Over recent years the government has placed increased emphasis on design and quality in urban regeneration and development; Salford City Council seeks to achieve high standards of design across the city and has been active in producing a number of documents which set out principles and aspirations for all future development. These documents cover a wide range of areas, whether it is citywide policy or area specific policy.
These documents are integral to raising design standards within the city; the results of many of these documents are now increasingly visible on the ground.
Supplementary Planning Document: Design Shaping Salford
Adopted March 2008, this document is applicable city-wide and seeks to raise the standards of design and quality. Whilst providing overarching principles for the city, the document also presents guidance applicable to identified local character areas within the Regional Centre, Central Salford, and Salford West.

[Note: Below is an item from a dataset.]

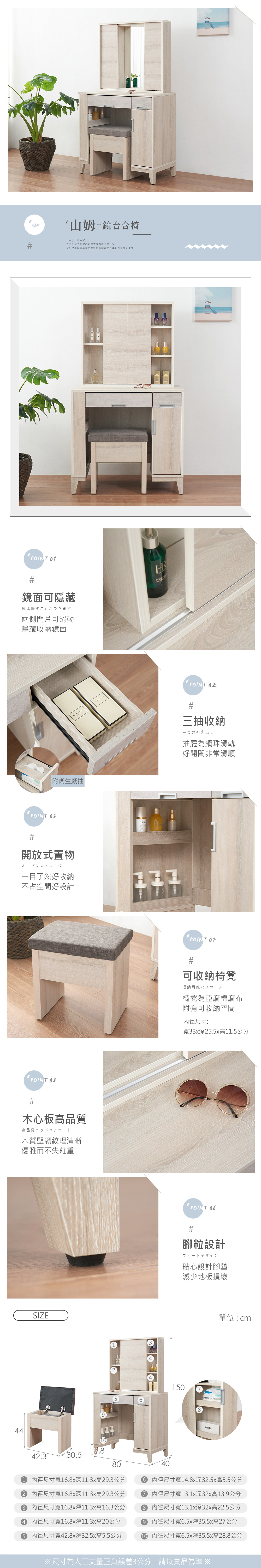 名稱:山姆2.7尺鏡台-含椅

Supplementary Planning Document: Sustainable Design and Construction
Adopted March 2008 to provide additional guidance on the integration of sustainable design and construction measures in new and existing developments.
Supplementary Planning Document: Design and Crime
Adopted July 2006, the document aims to help assess and determine planning applications and is intended to guide architects, developers, landscape architects and urban designers in designing out crime.
Supplementary Planning Document: Lower Broughton Design Code
This document, as adopted January 2006, sets out the design principles that are used to govern development as part of the regeneration of the Lower Broughton area of the city.
There are also numerous area specific planning guidance documents. These include Salford Central, Ordsall Riverside, The Exchange Greengate, MediaCityUK and Quayspoint, and Irwell City Park.